At Home, Elsewhere

learning how to be at home

Painting a Picture of Osaka

It’s a rainy day in Osaka today, but everyone is still out walking around. My first month in Japan has been a little lonely, especially since I don’t live in the centre of the city. Going to the centre, where strangers walk side by side, makes me feel a little warm and happy. The city can affect you in waves sometimes. If you are lonely in your apartment, simply being around others can be comforting. But if your head is full of the same lights and sounds of the city, then being surrounded by thousands of unknown lives can feel even more isolating. It all depends on the mood, the phase and the timing of things in your life. But today, it provided a good change for me, and there are always lots of interesting things to observe in Osaka. If terrace dining were popular in Japan, I would enjoy taking time to eat somewhere outside and watch the people go by. I often want to take photographs of them, but sometimes I’m not in the mood. It feels too crass. So maybe I can describe them.

Today I saw a young woman cycling, cigarette hanging out of her mouth, dark eyeliner and bright purple checked pants. She crossed the road against the red light, which was totally safe because there were no cars coming in either direction. However, the officer managing the traffic on the road did not think so, as he glared at her. It was raining, and incredibly humid… lots of excuses to be in a bad mood but people appear to just let things go here. As I walk, I see small alley ways, crowded with neon signs, white and red lanterns, dripping air conditioning units all being reflected by the roads, black and shining with rainwater. Modern buildings interspersed with traditional wooden walls and the gritty white tiles of train stations. Black bunches of wires hanging just above rooftops, looping in and out from pole to pole. Every angle provides a different perspective, a different story. Women in beautiful dresses, the elderly resting on their umbrellas, tourists in colourful raincoats, traffic officers in bright blue and white gloves. Cities always tell a million stories.

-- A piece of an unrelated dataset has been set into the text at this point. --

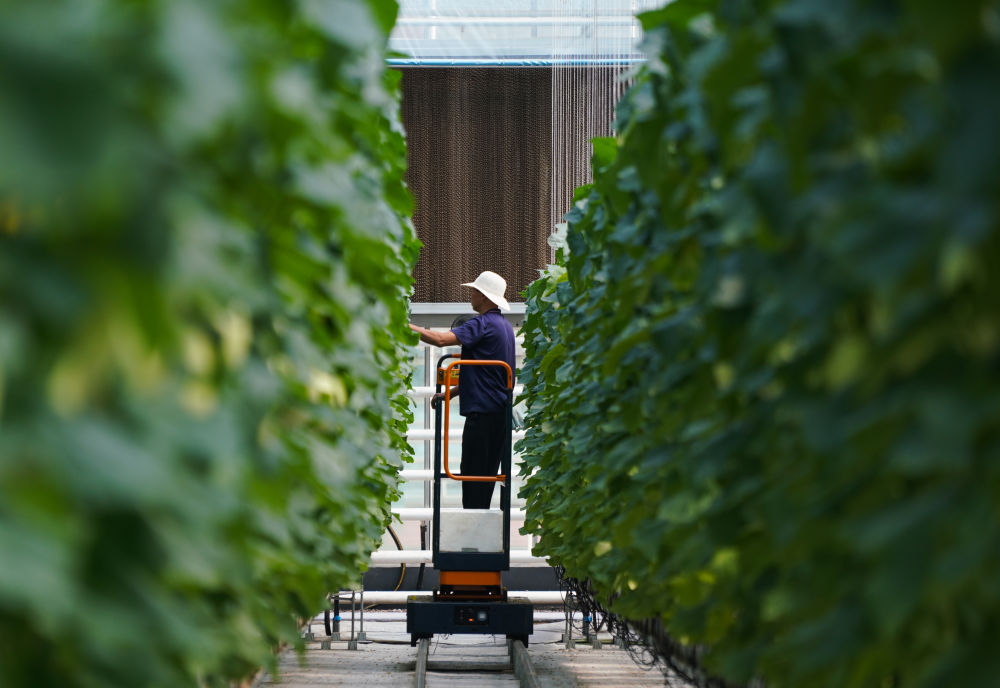 2023年7月26日,在山东潍坊寿光市丹河设施蔬菜标准化生产示范园,农民在管护作物。新华社记者 张浩波 摄

I enter the electronics store, next to the main train station, and I am smacked in the face with bright white light. Characters in all the Japanese scripts swim in the air, and people are standing by the walkway calling out to the passers by. It was a little disorienting, but I take a few breaths and search for what I need. Luckily a kind Japanese woman approaches me and speaks perfect English, it makes me smile and I find what I need. A brief interaction in a sea of people, a spark that lasts only for an instant and doesn’t draw a flame. I find the nearest exit after paying, so that I can leave the overstimulating store and enter the calmness of the hallway. I cannot see daylight, so I get a little lost trying to find my way out. Eventually I do, and when I try to look for something to eat I fail a number of times. There are too many options, and all of those options, all of those smells, are too overpowering. I lose my appetite. I start to feel a headache coming on, and I rub my temples.

As I finally make my way outside, I realise that I’m on the second floor and I find myself on a bridge overlooking a main road. Wherever I look, it’s busy. I smell smoke from the Burger King pumping out a hot mist behind me, and in front I see three layers of movement. Trains passing by quickly, over a bridge full of bobbing umbrellas, over a road where little boxes are zooming by. I stop and take it in for a moment, and realise that my breathing has become shallow. Maybe that’s why I have this headache. The warmth of being surrounded by others doesn’t take long to become disorienting and as I stop I realise that I am not part of the flow anymore. I look around and try to decide where I should focus but I give up and close my eyes. As I listen to the sounds, without looking, I wonder what it would be like to live inside this chaos every day. I think of all the children I’ve seen, walking close by their parents, and I wonder what it would have been like to grow up in this chaos.

Instead of taking photos today, I paint a picture with my words. A city is like several currents crashing into each other but somehow flowing in their proper direction. It is easy to get swept up. It is sometimes hard to choose. And if you don’t have the strength to choose, then everything will be decided for you. It’s like an organism, everyone plays their part but we don’t tend to notice the parts… we only notice the whole. I open my eyes and look out again, but this time instead of sardines packed together, I see an expanse. Buildings rising up high, wide roads, a large empty space in the air between myself and the flurry of activity beneath me. I’m reminded that we can always find space for ourselves, even in the crowded streets of a big city.